Reminding myself that I am going to die is the most important tool I have used to make important decisions in my life. Because almost everything-all external expectations, all fame, all fear of embarrassment or failure-disappears in the face of death, and only the most important things will remain. Remind myself that I'm dying, which is the best way I know to avoid falling into the trap that I will lose something. Life does not bring, death does not bring, there is no reason not to do what you want to do.
I was diagnosed with cancer a year ago. At 7: 30 in the morning, a CT scan was performed, and a tumor obviously appeared in the pancreas. I don't even know what a pancreas is. The doctor told me that it is almost certainly an incurable disease, and it will probably not live for three to six months. The doctor advised me to go home and get together with my relatives. This is the doctor's standard advice to dying patients. That means you should try to finish what you want to tell your children in the next ten years in a few months. This means that you must do everything well so that your family can relax as much as possible. This means that you must say goodbye to someone.
I've been thinking about the diagnosis all day I made one that night. I inserted an endoscope from my throat, from my stomach to my intestines, inserted a needle in my pancreas and took out some tumor cells. I was sedated and lost consciousness, but my wife was there. She later told me that when the doctor looked at those cells with a microscope, they all cried, because this is a very rare pancreatic cancer that can be cured by surgery. So I had an operation and recovered.
This is the closest I have ever been to death, and I hope it will continue to be the closest in the next few decades. With this experience, I can tell you the following with more certainty than before, when death was only an abstract concept:
Nobody wants to die. Even those who want to go to heaven want to go to heaven alive. But death is our destination, and no one can escape. This is doomed, because death is simply the best invention in life, the medium of life change, sending away the old people and leaving room for the new generation. Now you are a new generation, but in the near future, you will gradually get old and be sent off the stage of life. Sorry to be so dramatic, but it's true.

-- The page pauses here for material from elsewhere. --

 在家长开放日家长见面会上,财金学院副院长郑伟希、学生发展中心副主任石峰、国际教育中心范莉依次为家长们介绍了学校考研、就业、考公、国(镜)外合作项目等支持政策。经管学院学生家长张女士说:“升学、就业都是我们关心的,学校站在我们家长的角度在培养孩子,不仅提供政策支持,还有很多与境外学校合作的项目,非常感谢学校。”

When I was a child, there was a magical magazine called Global Catalog, and we were fascinated by this miscellaneous book. It was published by a Stuart Brand who lives in Menlo Park not far from here. He makes the magazine poetic. That was in the late1960s. Before the invention of personal computers and desktop publishing, everything was made by typewriters, scissors and polaroid cameras. Magazine content is a bit like Google printed on paper, which existed 35 years before Google appeared: idealized, full of novel tools and magical notes.

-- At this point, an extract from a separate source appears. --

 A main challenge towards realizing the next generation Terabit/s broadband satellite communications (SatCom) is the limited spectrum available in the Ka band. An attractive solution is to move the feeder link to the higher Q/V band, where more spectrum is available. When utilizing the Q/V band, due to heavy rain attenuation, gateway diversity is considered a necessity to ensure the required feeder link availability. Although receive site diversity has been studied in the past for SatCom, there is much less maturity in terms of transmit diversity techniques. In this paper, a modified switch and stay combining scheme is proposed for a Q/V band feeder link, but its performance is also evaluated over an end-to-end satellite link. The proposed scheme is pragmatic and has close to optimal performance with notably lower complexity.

Stuart and his publishing team published several issues of the Global Catalogue, and then published the issue number. It was1mid-1970s, and I am as old as you now. On the back cover of the closed period, there is a picture of a country road in the morning, which is the kind of country road you will pass when you climb the mountain. There is a small print below the photo: thirst for knowledge, modesty and ignorance. This is their handwritten farewell letter, which I have always promised myself. When you graduate and start a new life, I hope you do the same.
Hungry for knowledge, modest and foolish.